In general, even if one sometimes speaks of mushisei-tamaryokucha (steamed) and kamairisei-tamaryokucha (pan-fired), by this term it is the first one, steamed therefore, which is designated (for the second one one uses in general simply kama-iri cha). The tamaryokucha, I said, is like most Japanese teas a steamed green tea. It can be shaded or not, but is most often today. The major difference with sencha is that the last (seijû) of the four phases of drying of the latter, the one that gives the leaves their needle shape, is not proceed. Thus, to fill this lack of drying, the previous phase (chûjû) is generally stronger, with a greater effect of heat.

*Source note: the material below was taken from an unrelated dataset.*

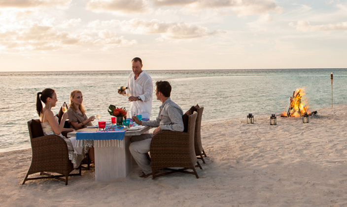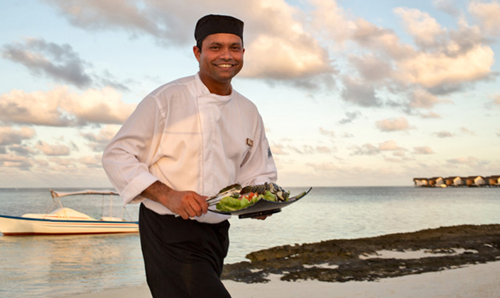 美食特色:浪漫燭光燒烤餐。餐廳介紹:您可選擇在自己的別墅內(nèi)或沙灘上享用一頓浪漫的燭光燒烤晚餐。您的私人廚師及服務(wù)生將為您提供無微不至的服務(wù)。
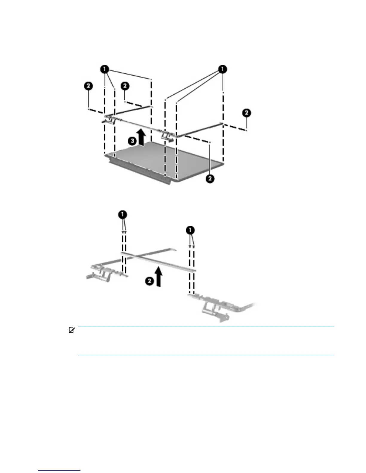 18. Remove the display hinge assembly (3) by lifting it straight up. The display hinges are available

Also, additional phases of drying (suikan and saikan) are performed, again without rolling and only effect of heat in drum shape machine.
This is why tamaryokucha, in addition to their characteristic shape, often have a warmer, sweet, roasting flavor, even when the final drying (hi-ire) during tea refining is light.
This method of manufacture was invented in the 1920s for export, to allow the production of tea whose shape could be blend with Chinese green tea while using the existing infrastructure designed for steamed tea.
Tamaryokucha, sometimes called guri-cha, remains a very marginal genre in terms of quantity of production.
Their fragrance is indeed warm and sweet, very slightly vegetal, with a particular density reminiscent almost of buttery meat jus.
The infusion, on the nose, is very faithful to what we felt with the dry leaves. However, there is little or no plant, and a little vanilla.
In the mouth we have a very rich tea, complex, but where the umami is what appears in the first place. However, this umami, much less heavy than on Asatsuyu, is here more elegant, evoking that of yaki-nori dry seaweed.
Despite the fullness of sweet aromas, this Samidori is very fluid, again clearly out of the relative thickness of Asatsuyu. There are also fewer greenish aromas.
Finally, this tamaryokucha develops absolutely no astringency. (less rolled than the sencha, the tamaryokucha tend indeed to more softness, participating, with the shading giving more umami, to a reception often very favorable of the general public and the beginners)
To conclude, although it is the same grower, and there are close lines, characteristics of this type of tea, in detail, this Samidori has a very different personality, more subtle and refined could- we say, that of Asatsuyu. They are not redundant, and very interesting to discover, or rediscover in parallel in the light of my explanations about tamaryokucha.